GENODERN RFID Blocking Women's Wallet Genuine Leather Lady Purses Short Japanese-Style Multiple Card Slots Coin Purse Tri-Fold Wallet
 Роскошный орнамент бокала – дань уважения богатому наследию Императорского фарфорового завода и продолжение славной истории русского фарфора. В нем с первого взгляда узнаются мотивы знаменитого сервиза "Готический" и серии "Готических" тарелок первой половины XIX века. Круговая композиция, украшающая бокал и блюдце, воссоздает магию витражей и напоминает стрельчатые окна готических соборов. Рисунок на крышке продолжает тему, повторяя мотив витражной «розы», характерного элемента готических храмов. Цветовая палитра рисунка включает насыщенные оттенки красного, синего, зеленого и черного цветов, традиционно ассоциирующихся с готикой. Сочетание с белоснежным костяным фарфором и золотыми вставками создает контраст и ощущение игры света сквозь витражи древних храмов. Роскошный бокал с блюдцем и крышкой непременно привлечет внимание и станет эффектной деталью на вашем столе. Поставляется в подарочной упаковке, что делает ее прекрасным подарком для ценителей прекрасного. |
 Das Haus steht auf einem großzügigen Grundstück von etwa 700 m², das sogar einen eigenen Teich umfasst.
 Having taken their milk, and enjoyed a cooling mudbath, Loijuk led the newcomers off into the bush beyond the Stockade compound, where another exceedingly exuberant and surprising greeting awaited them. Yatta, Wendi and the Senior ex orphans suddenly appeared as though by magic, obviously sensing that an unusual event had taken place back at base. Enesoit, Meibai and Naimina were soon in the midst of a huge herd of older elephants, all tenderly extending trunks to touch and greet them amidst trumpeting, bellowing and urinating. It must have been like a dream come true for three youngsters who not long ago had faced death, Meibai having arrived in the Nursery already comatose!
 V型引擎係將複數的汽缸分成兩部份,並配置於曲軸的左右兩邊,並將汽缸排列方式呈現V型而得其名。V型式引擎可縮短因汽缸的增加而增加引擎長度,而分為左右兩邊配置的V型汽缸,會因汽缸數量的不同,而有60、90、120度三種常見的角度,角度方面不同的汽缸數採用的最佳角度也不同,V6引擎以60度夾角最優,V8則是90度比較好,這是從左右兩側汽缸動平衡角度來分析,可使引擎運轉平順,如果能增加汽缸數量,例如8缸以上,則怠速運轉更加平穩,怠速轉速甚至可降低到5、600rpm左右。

==

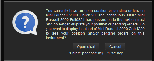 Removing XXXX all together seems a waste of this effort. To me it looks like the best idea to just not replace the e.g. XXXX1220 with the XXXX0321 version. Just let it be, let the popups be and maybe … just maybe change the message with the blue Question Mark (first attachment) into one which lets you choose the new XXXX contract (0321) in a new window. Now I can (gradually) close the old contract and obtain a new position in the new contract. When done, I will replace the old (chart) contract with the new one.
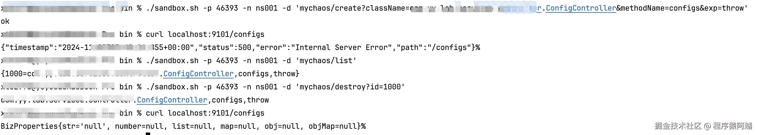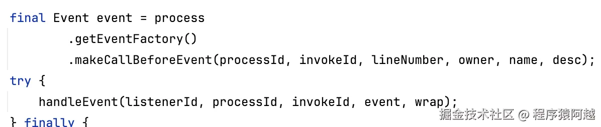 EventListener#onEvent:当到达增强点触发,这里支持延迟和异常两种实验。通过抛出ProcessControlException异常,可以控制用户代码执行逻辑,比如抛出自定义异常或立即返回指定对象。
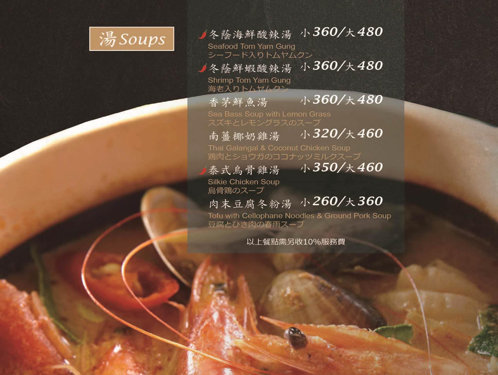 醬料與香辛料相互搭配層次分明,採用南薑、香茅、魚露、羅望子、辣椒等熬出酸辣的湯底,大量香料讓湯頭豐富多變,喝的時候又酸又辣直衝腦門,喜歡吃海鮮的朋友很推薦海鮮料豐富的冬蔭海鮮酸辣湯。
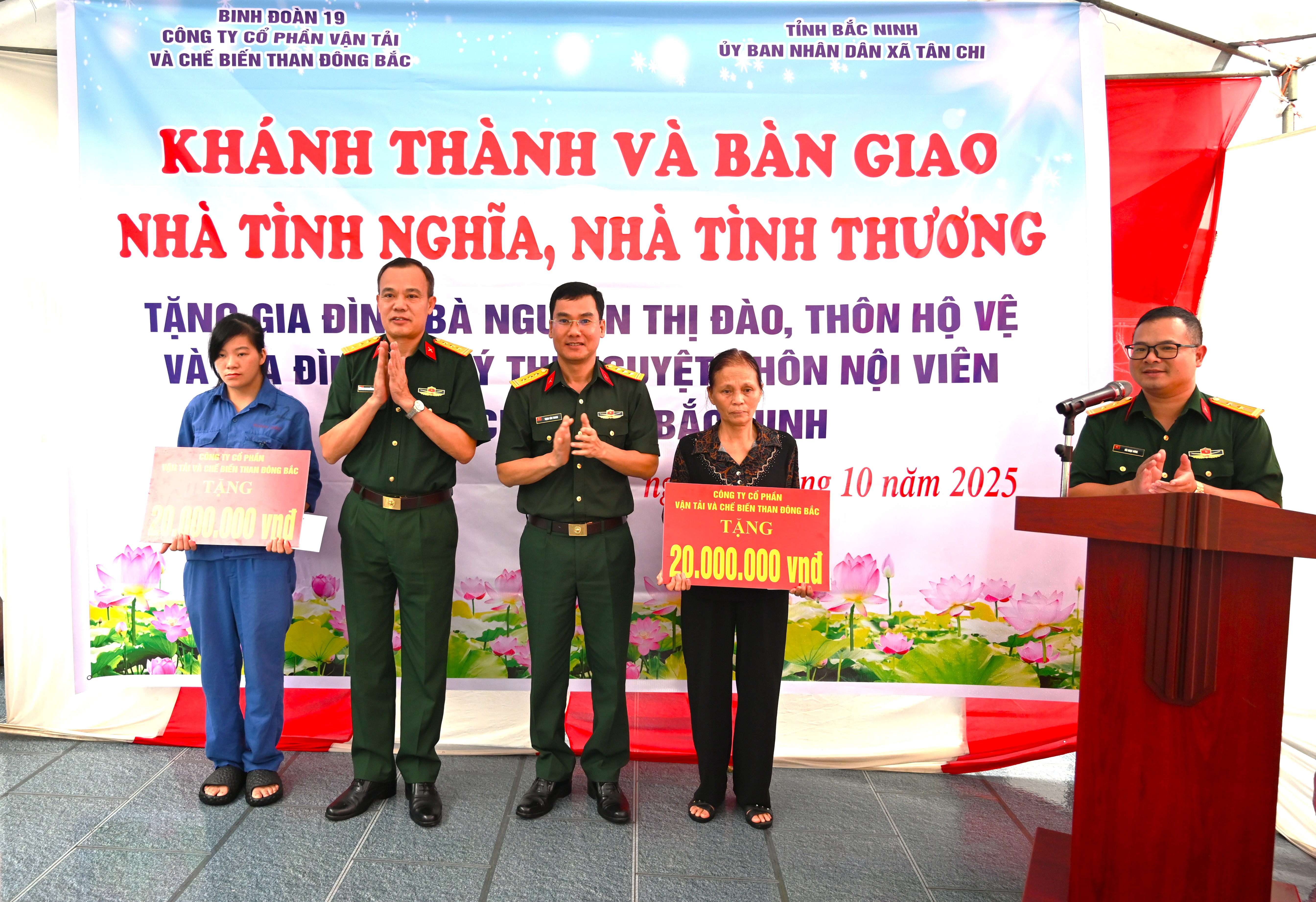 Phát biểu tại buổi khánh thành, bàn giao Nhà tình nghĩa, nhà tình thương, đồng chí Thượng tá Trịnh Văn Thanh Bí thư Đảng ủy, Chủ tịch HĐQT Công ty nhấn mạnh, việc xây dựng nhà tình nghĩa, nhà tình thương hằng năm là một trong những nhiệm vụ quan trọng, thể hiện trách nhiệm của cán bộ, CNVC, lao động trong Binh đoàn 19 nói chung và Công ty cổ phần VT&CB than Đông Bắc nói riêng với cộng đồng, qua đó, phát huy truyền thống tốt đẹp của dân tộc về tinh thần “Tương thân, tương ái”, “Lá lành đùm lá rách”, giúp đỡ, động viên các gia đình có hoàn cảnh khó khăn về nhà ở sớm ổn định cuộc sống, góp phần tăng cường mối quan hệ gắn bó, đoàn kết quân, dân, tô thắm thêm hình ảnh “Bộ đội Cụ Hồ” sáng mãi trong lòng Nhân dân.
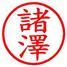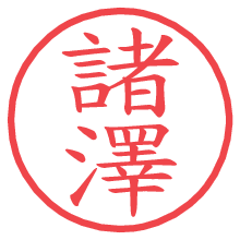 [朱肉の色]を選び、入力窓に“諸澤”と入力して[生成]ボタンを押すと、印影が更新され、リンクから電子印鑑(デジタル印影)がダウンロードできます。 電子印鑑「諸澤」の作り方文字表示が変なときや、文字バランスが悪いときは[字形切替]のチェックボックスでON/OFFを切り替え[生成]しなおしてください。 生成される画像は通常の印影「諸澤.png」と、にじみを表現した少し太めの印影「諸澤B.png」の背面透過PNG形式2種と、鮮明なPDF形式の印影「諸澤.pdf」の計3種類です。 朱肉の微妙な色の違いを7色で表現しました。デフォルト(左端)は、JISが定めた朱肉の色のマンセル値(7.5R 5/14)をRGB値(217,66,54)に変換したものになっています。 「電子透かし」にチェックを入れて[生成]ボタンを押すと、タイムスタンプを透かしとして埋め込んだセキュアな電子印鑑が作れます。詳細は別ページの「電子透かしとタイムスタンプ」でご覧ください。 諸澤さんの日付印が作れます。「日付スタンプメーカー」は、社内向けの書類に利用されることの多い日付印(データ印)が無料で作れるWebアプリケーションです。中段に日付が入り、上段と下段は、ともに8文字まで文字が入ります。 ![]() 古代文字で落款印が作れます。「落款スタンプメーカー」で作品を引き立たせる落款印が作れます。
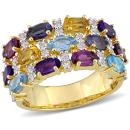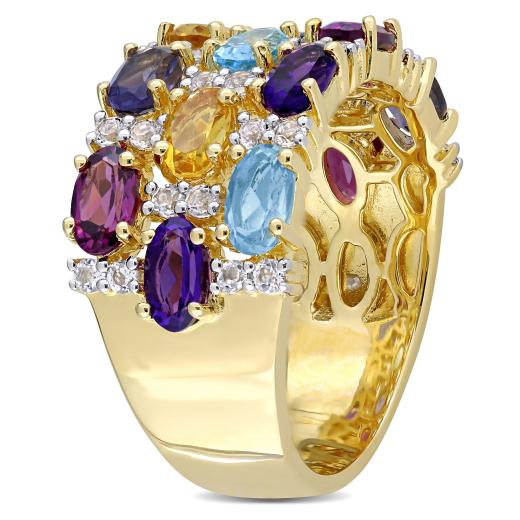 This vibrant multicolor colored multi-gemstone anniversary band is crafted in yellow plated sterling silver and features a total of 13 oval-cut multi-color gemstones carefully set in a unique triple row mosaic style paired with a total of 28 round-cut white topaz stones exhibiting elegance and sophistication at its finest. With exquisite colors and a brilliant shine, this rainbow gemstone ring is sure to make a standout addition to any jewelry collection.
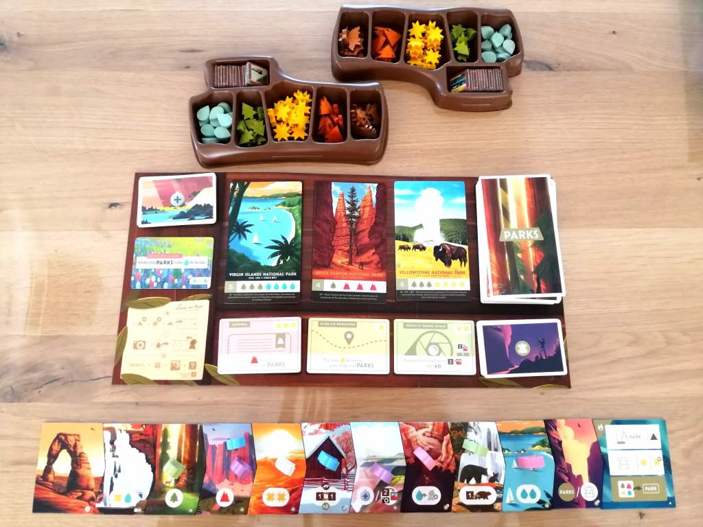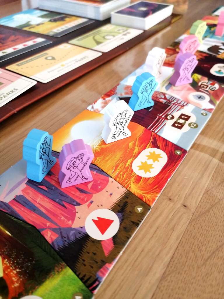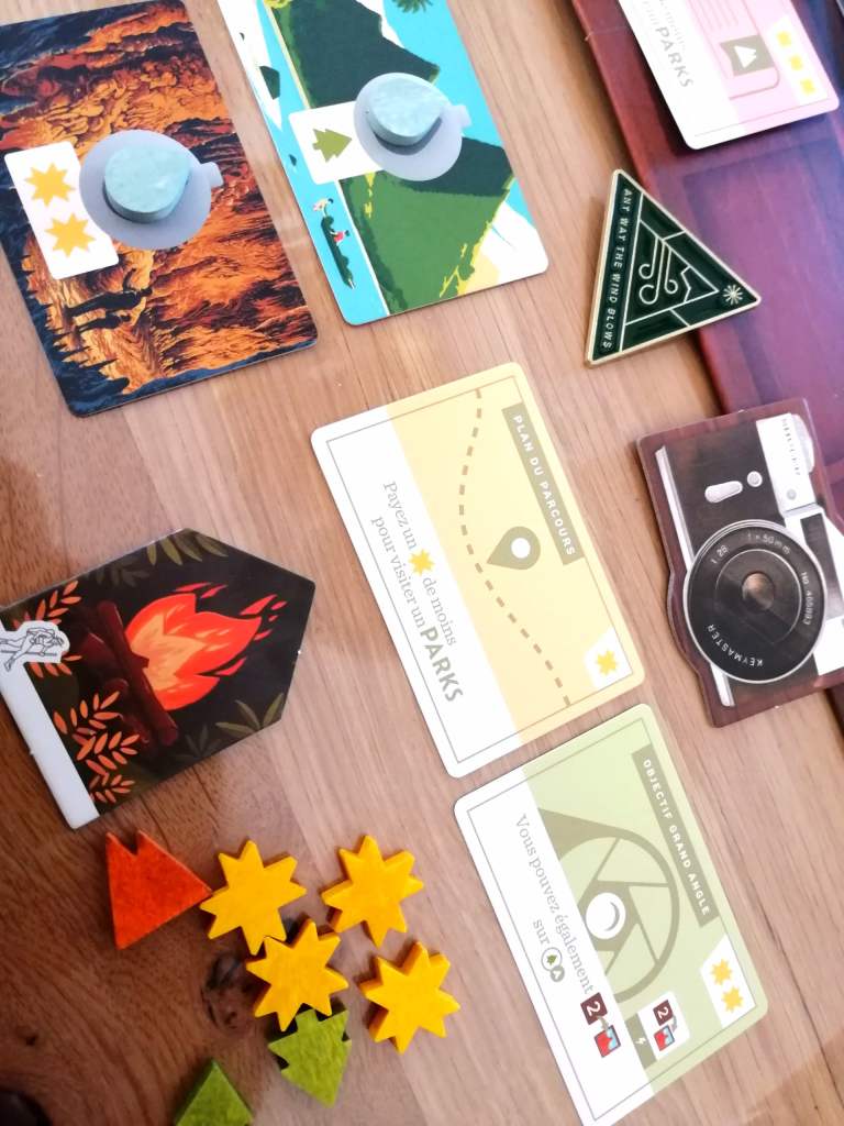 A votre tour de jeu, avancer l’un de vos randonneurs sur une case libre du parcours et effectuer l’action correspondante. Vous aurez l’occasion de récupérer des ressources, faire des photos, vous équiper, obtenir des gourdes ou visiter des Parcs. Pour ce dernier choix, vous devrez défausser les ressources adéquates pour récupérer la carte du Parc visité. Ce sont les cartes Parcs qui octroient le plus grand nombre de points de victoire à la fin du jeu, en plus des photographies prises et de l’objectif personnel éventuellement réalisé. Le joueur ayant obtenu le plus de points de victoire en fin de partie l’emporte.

==

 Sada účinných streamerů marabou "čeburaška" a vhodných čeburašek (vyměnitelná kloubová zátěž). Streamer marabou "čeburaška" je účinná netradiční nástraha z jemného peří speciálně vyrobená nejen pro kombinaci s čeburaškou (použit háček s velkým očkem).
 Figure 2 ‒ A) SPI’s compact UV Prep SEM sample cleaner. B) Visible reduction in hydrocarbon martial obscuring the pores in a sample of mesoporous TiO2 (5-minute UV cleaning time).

EXERCISE:
Since the pictures are not part of the copy, please transcribe only the lines above from the one with "EventListener#" through the one with "醬料與香辛料相互搭配層次分明", exactly and with both ends.

WRITTEN ANSWER:
 EventListener#onEvent:当到达增强点触发,这里支持延迟和异常两种实验。通过抛出ProcessControlException异常,可以控制用户代码执行逻辑,比如抛出自定义异常或立即返回指定对象。
 醬料與香辛料相互搭配層次分明,採用南薑、香茅、魚露、羅望子、辣椒等熬出酸辣的湯底,大量香料讓湯頭豐富多變,喝的時候又酸又辣直衝腦門,喜歡吃海鮮的朋友很推薦海鮮料豐富的冬蔭海鮮酸辣湯。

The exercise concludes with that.